Question

Jess's age is six years less than three times Ethan's age. The product of their ages is 45. What are their ages? Hint: Write an equation to represent the product of their ages, using x to represent Ethan's age, then solve this quadratic equation. Connect each person to their correct age.

Answer 1

Jess's age is six years less than three times Ethan's age. The product of their ages is 45. What are their ages?

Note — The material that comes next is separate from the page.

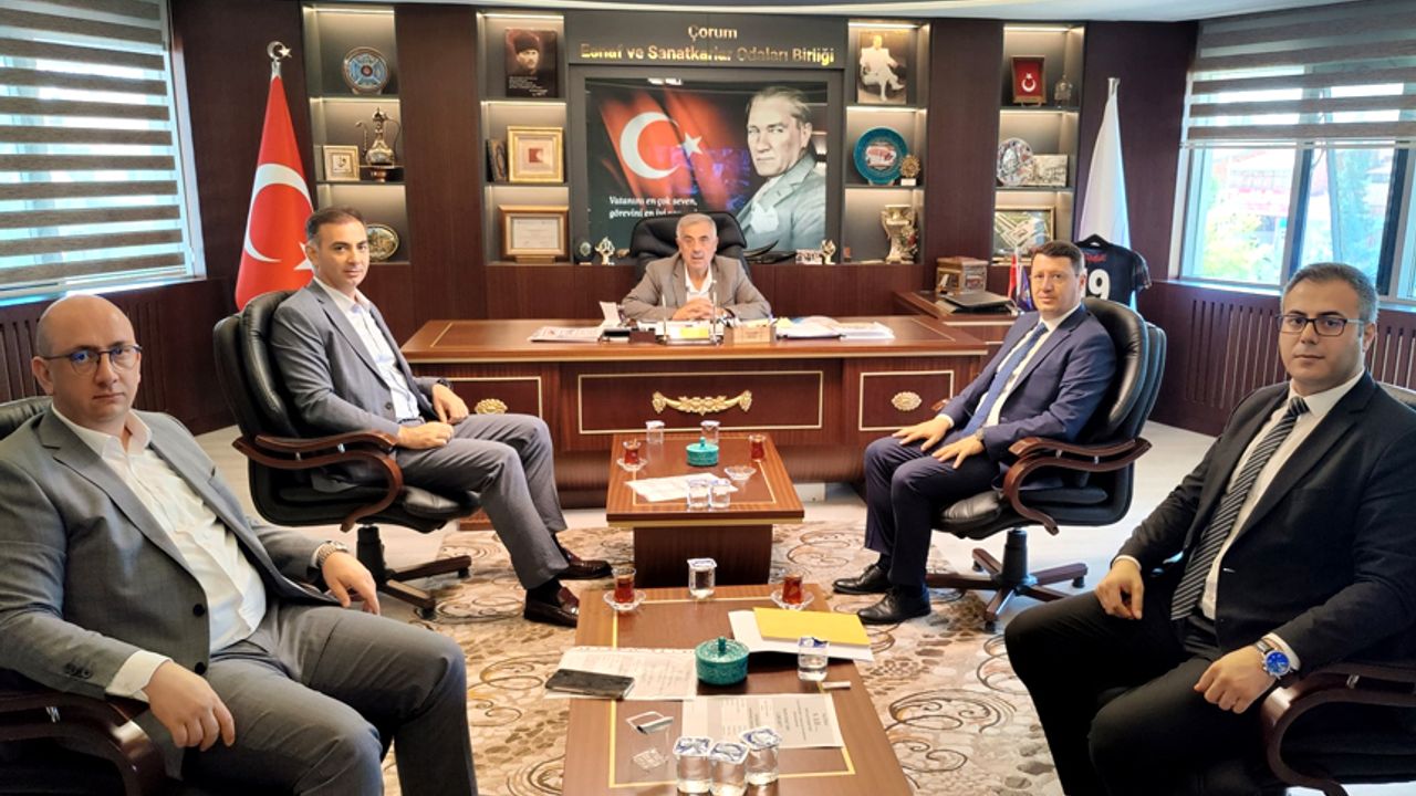 Vakıfbank Bölge Müdürü Bayram Gökçe, Çorum Esnaf ve Sanatkarlar Odası (ÇESOB) Başkanı Recep Gür'ü ziyaret etti.
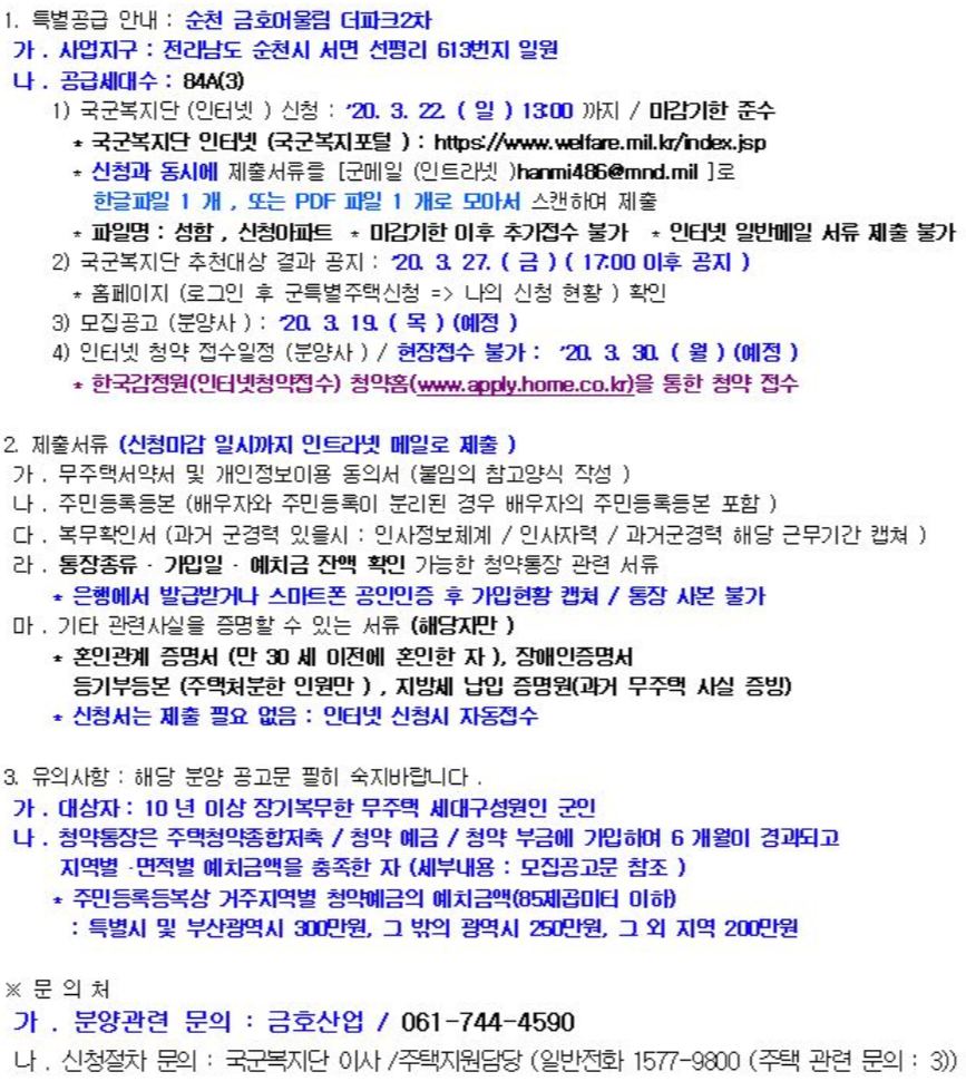 | [군인특별공급] 20-31차 순천 금호어울림 더 파크2차 (전남 순천, ~3. 22) (0) | 2020.03.15 |

Hint: Write an equation to represent the product of their ages, using x to represent Ethan's age, then solve this quadratic equation. Connect each person to their correct age.​

Let

x ------> Ethan's age

y -----> Jess's age

we have that

y=3x-6 -------> equation A

xy=45 ------> equation B

substitute equation A in equation B

x(3x-6)=45

solve for x

3x^2-6x=45

3x^2-6x-45=0

Solve using the formula

so

a=3

b=-6

c=-45

substitute

`x=\frac{-(-6)\pm\sqrt[]{-6^2-4(3)(-45)}}{2(3)}`
`\begin{gathered} x=\frac{6\pm\sqrt[]{576}}{6} \\ \\ x=(6\pm24)/(6) \end{gathered}`

the solutions for x are

x=5 and x=-3 (is not a solution)

Find the value of y

y=3(5)-6

y=9

therefore

Ethan's age is 5 years

Jess's age is 9 years